Host-only: All MPI processes are running only on Intel Xeon hosts.
Coprocessor-only: All MPI processes are running only on Intel Xeon Phi coprocessors. The Intel Xeon hosts to which the coprocessors are attached are not used.
Symmetric: Some MPI processes are executing on Intel Xeon hosts and some on Intel Xeon Phi coprocessors.
MPI+Offload: All MPI processes are running only on Intel Xeon hosts, but the processes are offloading parts of the execution to the coprocessor.

The host-only and coprocessor-only modes both execute on homogeneous architectures, i.e. either all host nodes or all coprocessors. However, running an MPI program in symmetric mode on an Intel Xeon host and an Intel Xeon Phi coprocessor (or a cluster of these) represents a heterogeneous system due to the differences in computation and communication speed of the two architectures. An obvious concern in such a matchup is newly-introduced load-balancing issues which do not occur in a homogeneous cluster for an already load-balanced code.

But we should also be aware of potential issues due to the heterogeneous precision of floating-point computations combining Intel Xeon processors and Intel Xeon Phi coprocessors. The precision differences in general are discussed at http://software.intel.com/en-us/articles/differences-in-floating-point-arithmetic-between-intel-xeon-processors-and-the-intel-xeon. Reasons for it include different vector lengths, use of Fused Multiply-Adds, and other instructions that are not available on both architectures. Apart from the well known impact for the precision of calculated results, another problem can show up for symmetric runs under specific circumstances: a deadlock of the MPI program.

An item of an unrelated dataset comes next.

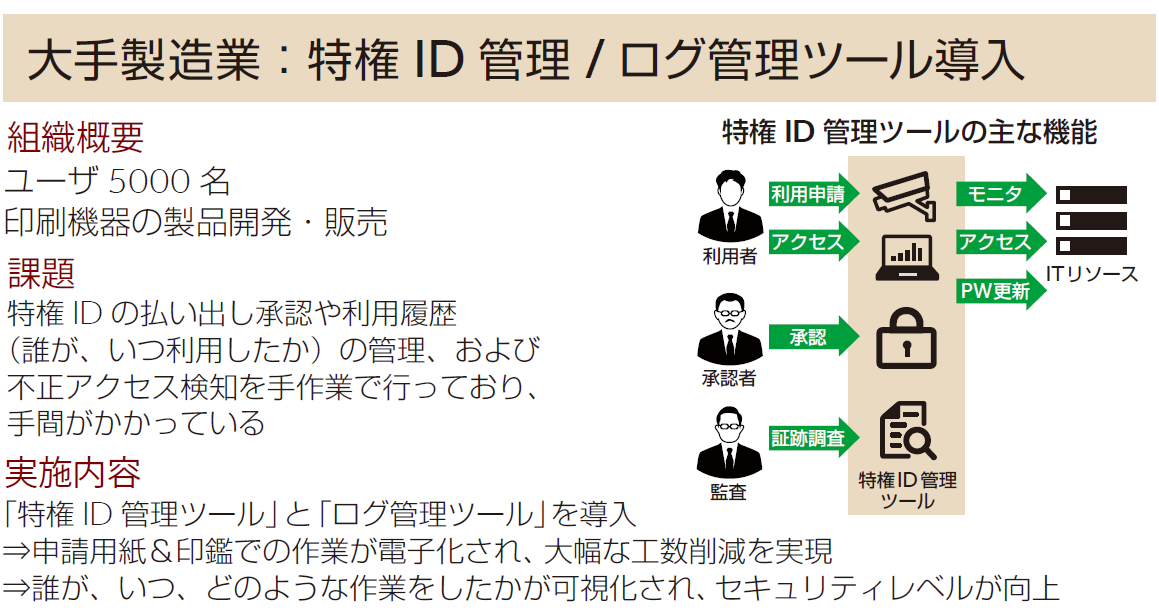 特権ID管理ツール「Password Manager Pro」の製品導入をおこないます。 特権IDの不正利用や情報漏えいのリスクを大幅に低減できます。誰がいつどのIDを使用したかを可視化・記録できるため、内部統制の強化やコンプライアンス対応に有効です。 |

Below is a snippet of pseudo MPI code whose principle structure is often found in iterative algorithms. The MPI program performs some parallel computations and calculates a value to govern the control flow of the program, i.e. to decide when the iterative process will stop. An obvious question is whether the control flow of such an MPI program will always be identical on all processes, independent of the precision of the underlying architecture?

MPI_Init
while ( residual > threshold ) {
     do_MPI_parallel_calculation(…)
     residual = MPI_Allreduce(…)
}
MPI_Finalize

The residual value is identical on all MPI processes due to the MPI_Allreduce call which broadcasts the final value to all processes. The control flow is governed by the check (residual > threshold)which is calculated replicated on all MPI processes for reasons of simplicity, assuming a homogeneous environment so that either all processes execute the next while-iteration or all leave the while-loop. For symmetric MPI runs on Intel Xeon and Intel Xeon Phi processors, simple checks like (residual > threshold)will give identical results on all MPI processes because most likely there is no precision problem.

But what will happen if the simple check is replaced by something like (log(residual) > threshold)? Or even with more complicated calculations from an external library function?

while ( libraryfunction(residual) > threshold ) {
     do_MPI_parallel_calculation(…)
     residual = MPI_Allreduce(…)
}

If the MPI processes on the Intel Xeon host and on the Intel Xeon Phi coprocessor evaluate the result of the library function call differently a deadlock may occur because some MPI processes will continue the while-loop and the others will leave it.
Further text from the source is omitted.